D X X X is Continuous
Installing R and RStudio
- Download and install Base R from r-project or CRAN
- Download and install RStudio Desktop from RStudio
- Start RStudio
If you want to learn more about how to work with RStudio, this is a good start. If you prefer video, you can go here and here. If you are interested in learning more advanced R, I recommend this book.
Installing packages:
For reproducible research, I recommend installing the packages:
- Packages - install - knitr
- Packages - install - tinytex (see documentation. After installing tinytex, you have to run tinytex::install_tinytex() in RStudio).
- Packages - install - rmarkdown
- In RStudio - Preferences (Windows: Tools - Global Options) - Sweave: Weave Rnw-files using: knitr
For the contents of this section, I recommend installing:
- Packages - install - tidyverse (this includes the packages dplyr and ggplot2)
- Packages - install - ggfortify
- Packages - install - manipulate
Calculating Probabilities
R has commands that allow you to calculate the value of the pdf, cdf and quantile functions easily for a wide range of distributions (see help for "distributions"). For a distribution named xxx, these commands are named in the form dxxx, pxxx, qxxx, respectively. a random sample from the distribution named xxx can be obtained using rxxx. For example, rnorm(10) draws a random sample of size \(10\) from the standard-normal distribution. For other distributions:
- use xxx=binom for the Binomial distribution.
- use xxx=pois for the Poisson distribution.
- use xxx=norm for the Normal distribution
- use xxx=exp for the Exponential distribution.

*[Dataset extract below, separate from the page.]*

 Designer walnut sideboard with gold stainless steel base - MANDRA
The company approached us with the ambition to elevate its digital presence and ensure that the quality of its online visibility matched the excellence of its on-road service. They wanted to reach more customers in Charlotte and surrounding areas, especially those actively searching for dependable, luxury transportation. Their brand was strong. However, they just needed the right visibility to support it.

- use xxx=unif for the continuous Uniform distribution.
Simulate Random samples
rnorm(10)
## [1] 1.0476535 -0.6200811 1.5320591 -0.6000947 0.8383949 -0.7531874 ## [7] -0.2089032 0.4867846 -1.3545987 -2.0860992
rnorm(10, mean=5, sd=3)
## [1] 8.952430 8.813026 4.407189 5.313106 6.080555 6.719318 5.625569 2.747132 ## [9] 5.308532 6.496762
value of the pdf
dexp(1, rate=1)
## [1] 0.3678794
value of the cdf
ppois(5, lambda=1)
## [1] 0.9994058
quantiles
qnorm(0.95, mean=0, sd=1)
## [1] 1.644854
Creating A Graph: R Graphics
You can use the plot command in R to create graphs. If you have data on two variables x and y, plot(x,y) would create a scatter-plot. Adding the option type="h" plots vertical lines to the points. The option lwd can be used to change the line-width. Other commands (like points and text) can be used to improve the graph.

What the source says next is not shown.